■ **SOURCE DATA**
····················

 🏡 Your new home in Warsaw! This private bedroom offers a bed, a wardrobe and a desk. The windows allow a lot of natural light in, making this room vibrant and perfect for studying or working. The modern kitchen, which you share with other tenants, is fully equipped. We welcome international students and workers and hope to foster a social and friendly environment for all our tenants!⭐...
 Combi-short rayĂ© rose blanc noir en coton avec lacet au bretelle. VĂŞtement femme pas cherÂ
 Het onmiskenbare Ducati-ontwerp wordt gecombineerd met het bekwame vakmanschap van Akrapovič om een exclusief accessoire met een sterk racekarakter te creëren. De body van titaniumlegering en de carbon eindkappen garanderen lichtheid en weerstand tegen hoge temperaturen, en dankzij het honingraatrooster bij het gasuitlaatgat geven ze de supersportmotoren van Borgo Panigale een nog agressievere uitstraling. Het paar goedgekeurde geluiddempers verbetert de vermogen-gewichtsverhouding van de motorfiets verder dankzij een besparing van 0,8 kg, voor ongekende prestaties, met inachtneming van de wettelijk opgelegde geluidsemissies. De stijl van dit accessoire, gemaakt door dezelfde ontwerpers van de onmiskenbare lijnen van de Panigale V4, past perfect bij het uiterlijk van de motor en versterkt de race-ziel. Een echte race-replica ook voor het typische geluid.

····················

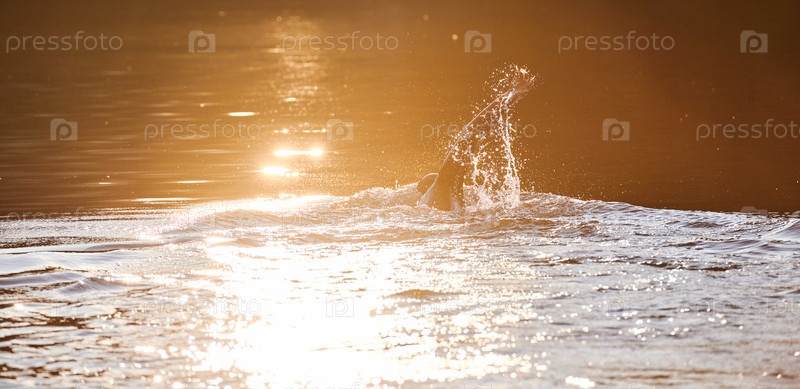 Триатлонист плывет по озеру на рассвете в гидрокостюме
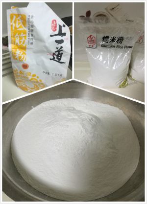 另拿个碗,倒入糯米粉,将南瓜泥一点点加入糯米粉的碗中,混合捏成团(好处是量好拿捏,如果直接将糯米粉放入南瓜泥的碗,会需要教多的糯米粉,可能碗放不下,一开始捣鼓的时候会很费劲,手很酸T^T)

····················

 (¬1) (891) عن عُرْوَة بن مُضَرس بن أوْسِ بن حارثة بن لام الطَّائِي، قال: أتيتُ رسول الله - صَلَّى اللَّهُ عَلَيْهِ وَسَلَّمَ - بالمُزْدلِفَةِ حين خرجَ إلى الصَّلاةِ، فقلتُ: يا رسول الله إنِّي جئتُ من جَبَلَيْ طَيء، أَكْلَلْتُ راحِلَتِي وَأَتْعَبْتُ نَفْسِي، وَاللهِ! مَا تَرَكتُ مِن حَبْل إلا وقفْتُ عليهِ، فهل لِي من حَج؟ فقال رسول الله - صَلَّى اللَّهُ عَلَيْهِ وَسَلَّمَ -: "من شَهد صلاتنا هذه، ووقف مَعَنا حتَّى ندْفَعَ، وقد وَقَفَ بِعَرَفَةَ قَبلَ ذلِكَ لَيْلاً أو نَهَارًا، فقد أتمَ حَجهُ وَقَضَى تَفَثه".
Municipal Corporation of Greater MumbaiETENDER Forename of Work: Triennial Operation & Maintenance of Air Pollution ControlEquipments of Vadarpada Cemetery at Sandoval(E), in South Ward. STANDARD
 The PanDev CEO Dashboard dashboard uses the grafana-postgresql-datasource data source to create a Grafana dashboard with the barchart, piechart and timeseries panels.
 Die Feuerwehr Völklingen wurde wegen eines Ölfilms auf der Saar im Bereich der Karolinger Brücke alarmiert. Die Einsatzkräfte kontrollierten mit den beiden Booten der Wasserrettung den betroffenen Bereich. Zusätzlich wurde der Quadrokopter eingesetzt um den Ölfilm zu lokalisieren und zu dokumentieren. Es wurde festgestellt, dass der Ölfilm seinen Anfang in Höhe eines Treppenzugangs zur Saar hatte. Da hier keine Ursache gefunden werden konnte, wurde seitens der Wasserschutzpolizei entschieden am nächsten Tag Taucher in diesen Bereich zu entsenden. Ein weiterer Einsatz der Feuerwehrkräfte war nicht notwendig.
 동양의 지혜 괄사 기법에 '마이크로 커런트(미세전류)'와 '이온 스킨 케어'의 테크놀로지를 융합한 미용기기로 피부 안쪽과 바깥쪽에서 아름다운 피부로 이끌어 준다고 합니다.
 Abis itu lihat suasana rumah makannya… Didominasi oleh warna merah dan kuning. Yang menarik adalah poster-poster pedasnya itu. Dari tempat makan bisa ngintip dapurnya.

····················

Copy back the listing above exactly, but only from the line with "동양의 지혜 괄사 기법에" through the line with "Abis itu lihat", both ends included.

 동양의 지혜 괄사 기법에 '마이크로 커런트(미세전류)'와 '이온 스킨 케어'의 테크놀로지를 융합한 미용기기로 피부 안쪽과 바깥쪽에서 아름다운 피부로 이끌어 준다고 합니다.
 Abis itu lihat suasana rumah makannya… Didominasi oleh warna merah dan kuning. Yang menarik adalah poster-poster pedasnya itu. Dari tempat makan bisa ngintip dapurnya.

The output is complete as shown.